Skip site navigation (1)Skip section navigation (2)
Date:      Mon, 24 Mar 2014 18:47:13 -0400 (EDT)
From:      Rick Macklem <rmacklem@uoguelph.ca>
To:        Christopher Forgeron <csforgeron@gmail.com>
Cc:        FreeBSD Net <freebsd-net@freebsd.org>, Garrett Wollman <wollman@freebsd.org>, Jack Vogel <jfvogel@gmail.com>, Markus Gebert <markus.gebert@hostpoint.ch>
Subject:   Re: 9.2 ixgbe tx queue hang
Message-ID:  <1149589960.2454997.1395701233190.JavaMail.root@uoguelph.ca>
In-Reply-To: <CAB2_NwCHM9D1HZSMsuQQ-dYNAt-t2721jKqfO=2h3M4qdumY7w@mail.gmail.com>

next in thread | previous in thread | raw e-mail | index | archive | help
Christopher Forgeron wrote:
> I'm going to split this into different posts to focus on each topic.
> This
> is about setting IP_MAXPACKET to 65495
> 
> Update on Last Night's Run:
> 
> (Last night's run is a kernel with IP_MAXPACKET = 65495)
> 
> - Uptime on this run: 10:53AM  up 13:21, 5 users, load averages:
> 1.98,
> 2.09, 2.13
> - Ping logger records no ping errors for the entire run.
> - At Mar 24th 10:57 I did a grep through the night's log for 'before'
> (which is the printf logging that Rick suggested a few days ago), and
> saved
> it to before_total.txt
> - With wc -l on before_total.txt I can see that we have 504 lines,
> thus 504
> incidents of the packet being above IP_MAXPACKET during this run.
> - I did tr -c '[:alnum:]' '[\n*]' < before_total.txt | sort | uniq -c
> |
> sort -nr | head -50 to list the most common words. Ignoring the
> non-pklen
> output. The relevant output is:
> 
>  344 65498 (3)
>  330 65506 (11)
>  330 65502 (7)
> 
This makes sense to me, since tp->t_tsomax is used in tcp_output() for
the TCP/IP packet, which does not include the link level (ethernet)
header. When that is added, I would expect the length to be up to 14
(or maybe 18 for vlan cases) greater than IP_MAXPACKET. Since none of
these are greater than 65509, this looks fine to me.

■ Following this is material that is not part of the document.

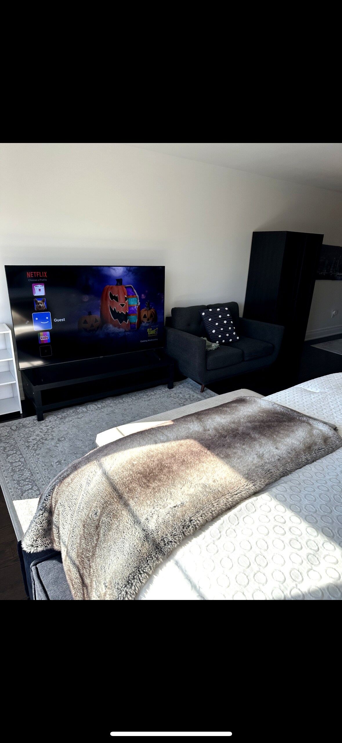 Welcome to your private loft retreat! Perfect for extended stays or business trips. • 🛏 Hotel Quality King Bed – fresh linens, beautyrest mattress a cozy setup for restful nights. • 📺 70” Smart TV – Netflix, Crave and streaming ready for movie nights. • 🍳 Kitchenette – with essentials (mini-fridge, microwave, stovetop, dishes) plus a dining table for two. • 🚿 Private Bathroom – modern, with fresh towels and shower essentials. • 🔐 Smart Entry – easy self check-in with secure keypad.
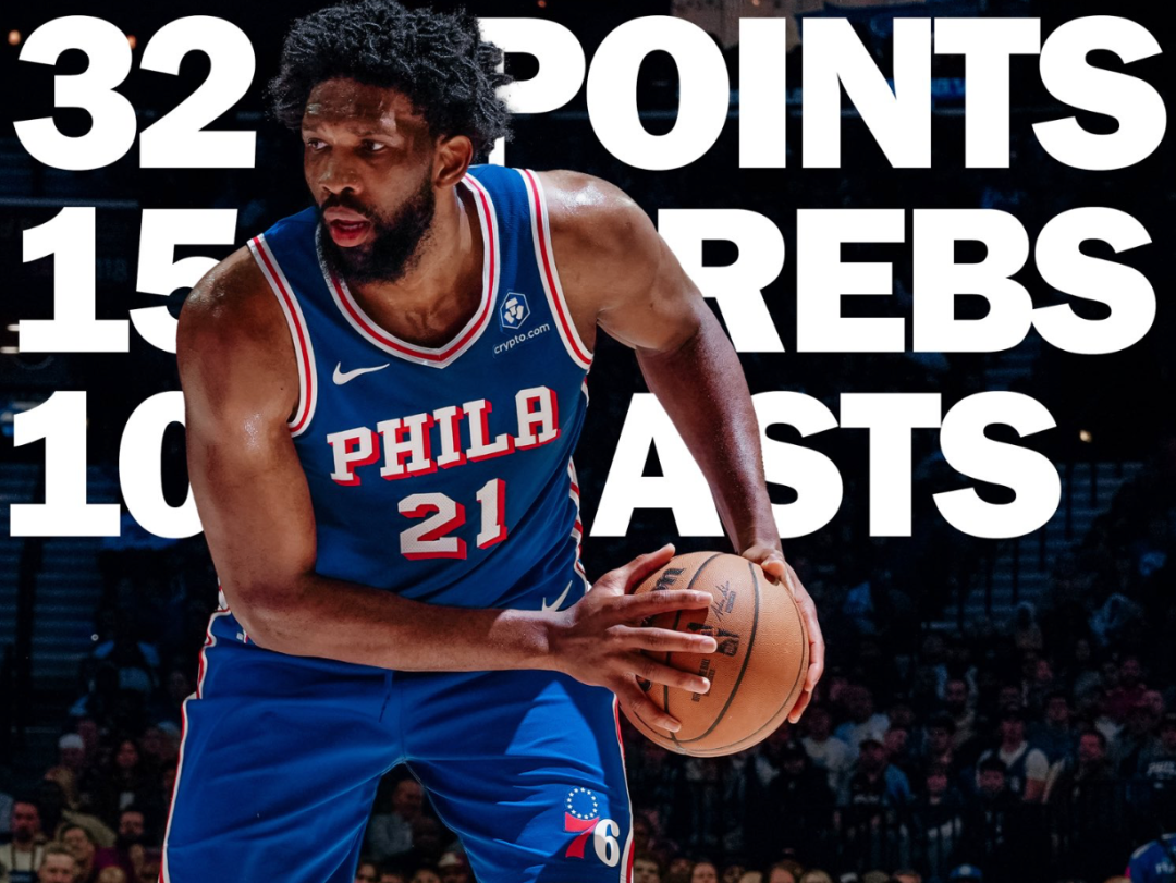 2026-01-23 13:20在Xfinity移动球馆这个两年前乔尔-恩比德曾狂砍70分对阵马刺的福地,76人队不仅以128-122险胜休斯顿火箭队,这位超级中锋更是斩获30+三双。

So, unless you get ones greater than (65495 + 18 = 65513), this makes
sense and does not indicate a problem.

In another post, you indicate that having the driver set if_hw_tsomax
didn't set tp->t_tsomax to the same value.
--> I believe that is a bug and would mean my ixgbe.patch would not
    fix the problem, because it is tp->t_tsomax that must be decreased
    to at least (65536 - 18 = 65518).
    --> Now, have you tried a case between 65495 and 65518 and seen
        any EFBIG errors?
        If so, then I don't understand why 65518 isn't small enough?

rick

>  - First # being the # of times. (Each pklen is printed twice on the
>  log,
> thus 2x the total line count).
>  - Last (#) being the byte overrun from 65495
>  - A fairly even distribution of each type of packet overrun.
> 
>  You will recall that my IP_MAXPACKET is 65495, so each of these
>  packet
> lengths represents a overshoot.
> 
>  The fact that we have only 3 different types of overrun is good - It
> suggests a non-random event, more like a broken 'if' statement for a
> particular case.
> 
I think it just means that your load happens to do only 3 sizes of I/O
that is a little less than 65536.

>  If IP_MAXPACKET was set to 65535 as it normally is, I would have had
>  504
> incidents of errors, with a chance that any one of them could have
> blocked
> the queue for considerable time.
> 
If tp->t_tsomax hasn't been set to a smaller value than 65535, the
ixgbe.patch didn't do what I thought it would.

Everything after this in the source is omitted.